(Problem to solve) Here is the task for the listing below: output exactly the lines from the one containing "The first stop" through the one containing "云南省怒江傈僳族自治州98%", and leave out the pictures.

(Data for review)
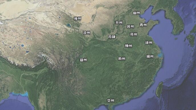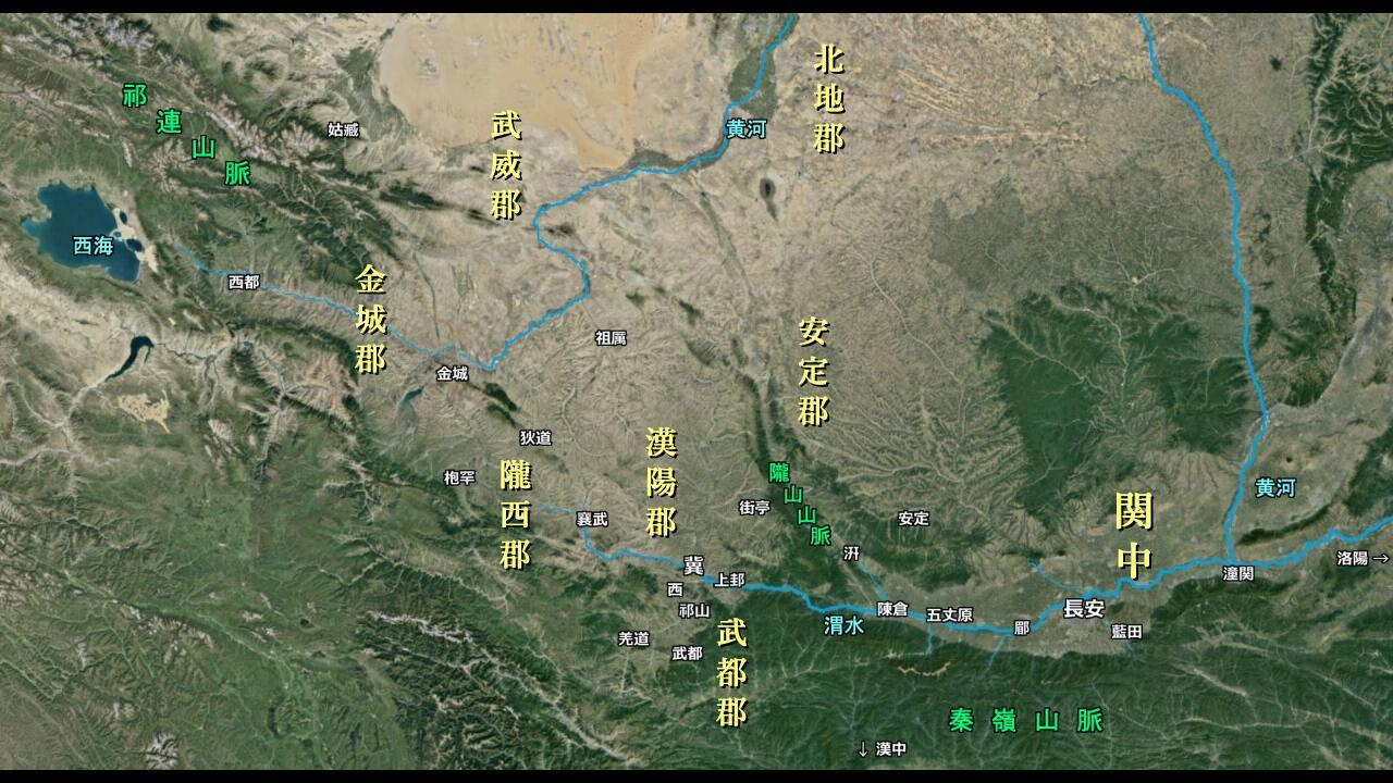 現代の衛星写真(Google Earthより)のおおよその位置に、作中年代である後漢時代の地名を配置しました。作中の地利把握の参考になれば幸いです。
==
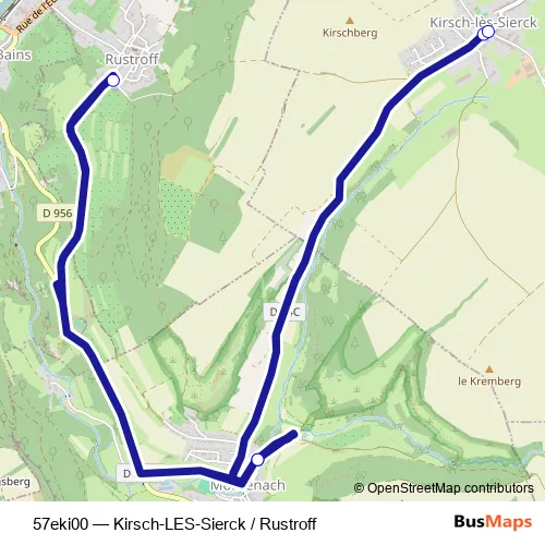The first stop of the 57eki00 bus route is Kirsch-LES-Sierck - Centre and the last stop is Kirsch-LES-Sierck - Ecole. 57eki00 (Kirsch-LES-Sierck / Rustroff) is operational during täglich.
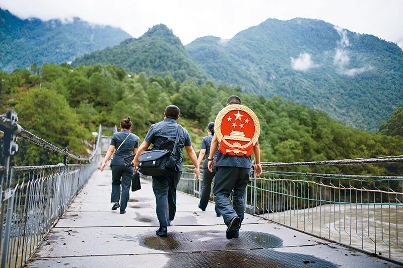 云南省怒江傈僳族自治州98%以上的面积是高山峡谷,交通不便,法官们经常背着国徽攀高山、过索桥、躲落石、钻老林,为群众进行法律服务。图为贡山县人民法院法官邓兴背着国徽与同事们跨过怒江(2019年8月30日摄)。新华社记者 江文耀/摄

(Answer to this exercise)
The first stop of the 57eki00 bus route is Kirsch-LES-Sierck - Centre and the last stop is Kirsch-LES-Sierck - Ecole. 57eki00 (Kirsch-LES-Sierck / Rustroff) is operational during täglich.
 云南省怒江傈僳族自治州98%以上的面积是高山峡谷,交通不便,法官们经常背着国徽攀高山、过索桥、躲落石、钻老林,为群众进行法律服务。图为贡山县人民法院法官邓兴背着国徽与同事们跨过怒江(2019年8月30日摄)。新华社记者 江文耀/摄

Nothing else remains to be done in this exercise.